Foodbank charity Trussell says severe hardship is "being normalised"

Foodbank
Author: Chloe StjohnPublished 10th Sep 2025

A charity is warning more than half a million people across Northern Ireland faced hunger last year after struggling to afford food.

Trussell is also warning having a job is no longer protecting people from hardship, with nearly one third of those referred to its foodbanks here in working households.

The charity says severe hardship is being ‘normalised’, as thousands of people in Northern Ireland are on the brink of hunger without turning to a food bank or charitable food provider, and having to go without essentials like food or heating as a routine part of life.

We spoke to a single mum from County Tyrone who works as a part-time carer and ended up reaching out to the charity for help.

She told us the cost-of-living crisis is pushing people to the brink, “Everything’s just going up. Your local shopping, insurance, electric, gas, oil.”

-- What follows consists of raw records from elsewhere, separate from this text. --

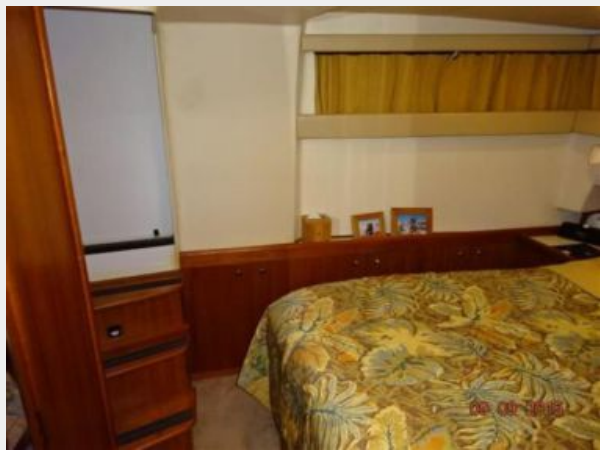
43' Mainship master stateroom aft
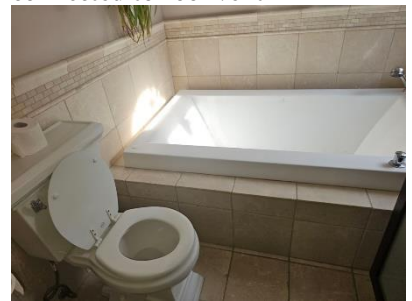
Pic. 15: 2 nd floor bathroom
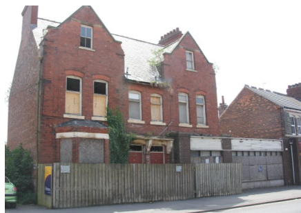
21-23 Brook Street - Before (left) and after (right)
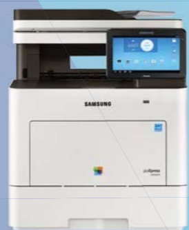
C4060FX (up to 40 ppm*)

*Print and scan speeds may vary depending on a number of factors including (but not limited to) document type, document size, document condition, network conditions and print settings. Print quality may depend on content.

“If something breaks down in your house that costs a couple of hundred pounds, a lot of people think where am I going to pull that out of this month?.”

She continued, “I just knew I had to do something because I couldn’t keep living off nothing. Once my bills came out that was it…I couldn’t even go to the swimming pool with my daughter or anything.”

Trussell is calling on the UK government and NI Executive to urgently strengthen social security and deliver on manifesto commitments to end the need for emergency food.